There is increasing interest in the use of microwave power for industrial applications. A pulsed tuneable microwave source is beneficial as it allows the high electromagnetic field of a high power to be applied to a target without excessive heating. The free electron maser (FEM) is the tuneable source with ability to operate across a wide range of frequencies from 8 to 20 GHz. Using higher frequencies than the common 2.45 magnetron, increases the fields obtained and also beneficial scaling effects on some applications, such as microwave induced plasmas. The paper presents the basic principles of the FEM system as well as the applications of UV.

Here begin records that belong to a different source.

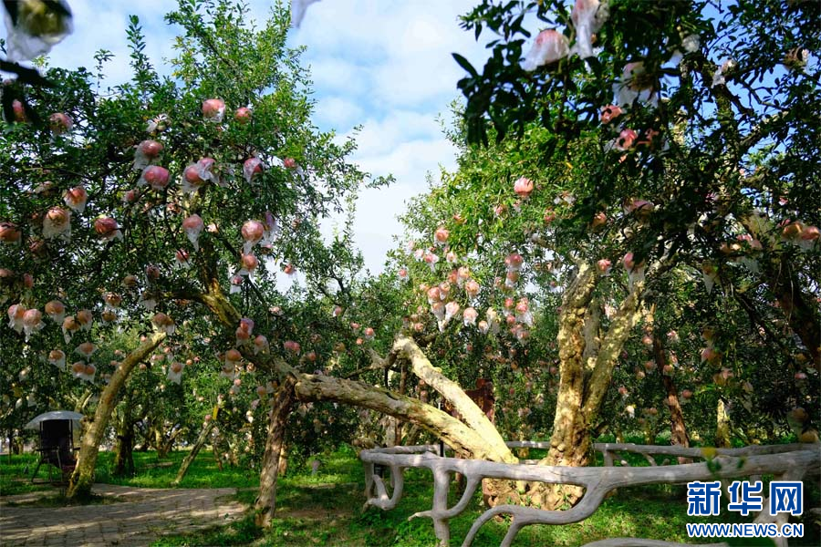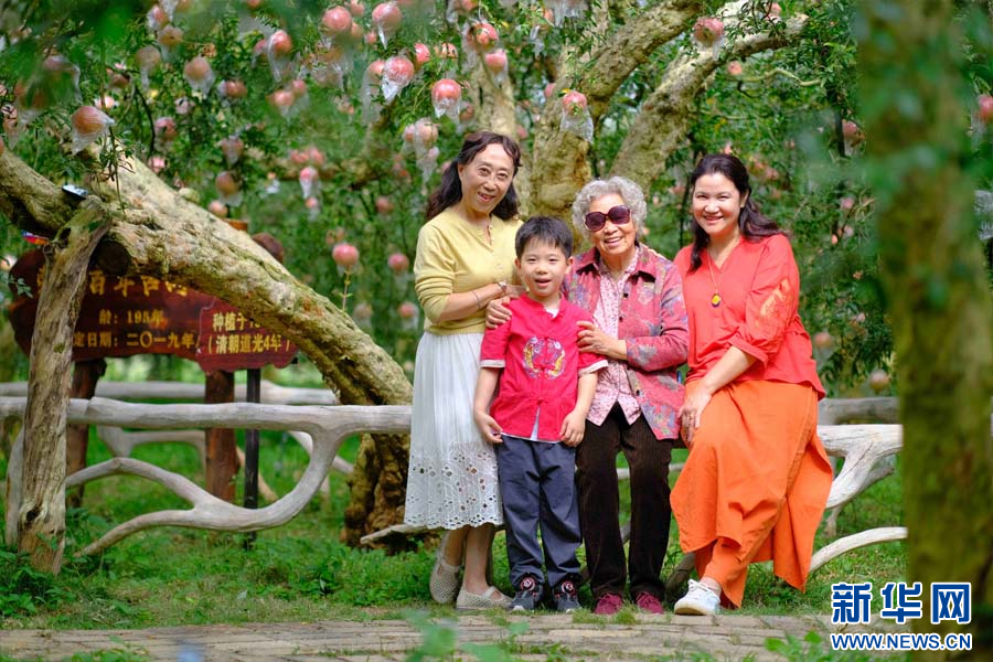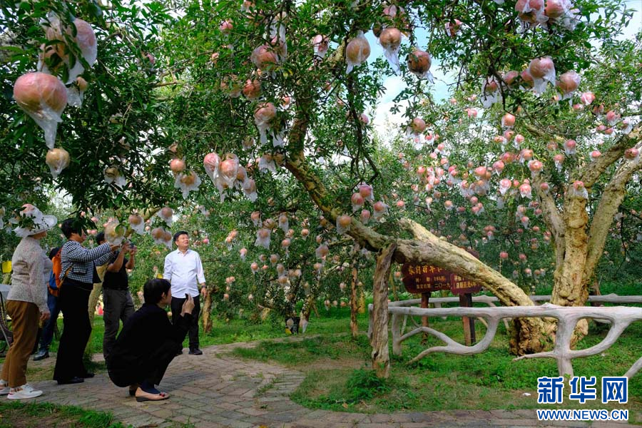 游人在古樹石榴園合影(10月26日攝)。新華網發(張玨 攝)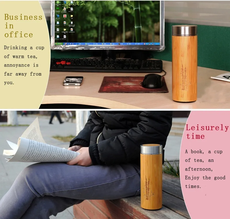Бамбуковый дорожный термос 400 мл, бутылки из нержавеющей стали для воды, вакуумные фляжки, изолированные термосы для чая, кофе, чашки бардака по индивидуальному заказу Демонстрация покупателя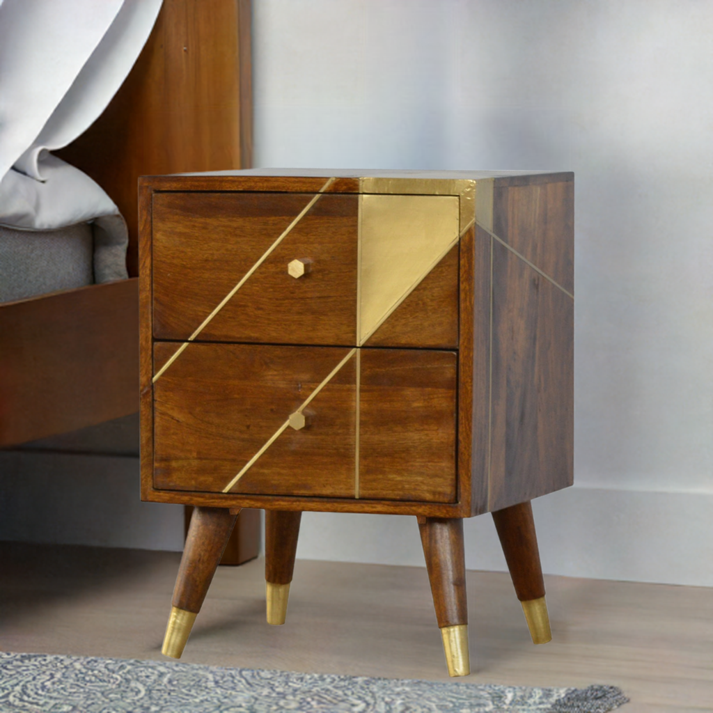 This solid timber bedside is expertly constructed from 100% solid mango wood and has a fine, smooth chestnut finish. A simple yet modern design to suit most homes, featuring carefully handcrafted joints, wooden runners, and 2 knobs. Useful storage space is available with 2 drawers which feature geometric gold brass drawer fronts, perfect for storing any small bits and keeping them close to your before bedtime, and 4 Nordic style legs that feature golden plating on the feet for extra detail.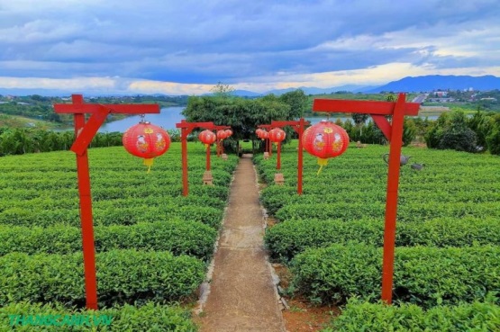 +Chùa Trà - nằm bát ngát giữa đồi chè xanh mát làm cho khách thập phương như buông bỏ hết bao muộn phiền. Chùa nằm hướng chánh tây, chánh điện của chùa mặt tiền được lắp toàn bộ bằng cửa kính cường lực, những buổi chiều tại đây trong chánh điện nhìn ra thì chúng ta được ngắm hoàng hôn tuyệt đẹp của xứ sở đại ngàn.

Theoretical and experimental results of a compact industrial microwave free electron maser system

The role of microwaves within material technologies has so far been a minor one, this is because the availability of the magnetron source, which can only provide distributed heating, with simple amplitude modulation control. However, we have designed a tunable source, industrial free electron maser (IFEM), which provides sufficient pulsed peak power for various applications, in material processing. This requires focused microwave power, similar to a laser beam, to achieve high power density. In this paper, the theoretical results of the interaction region will be explained as well as the principal of operation and IFEM system set-up. The design and construction of the system main components including electron gun, wiggler magnet, cavity resonator and energy recovery section are reported. Results of the effective industrial use of IFEM to enable striking and maintaining low-pressure plasmas and sufficient average power to perform experiments using germicidal UV and ozone generating lamps are described.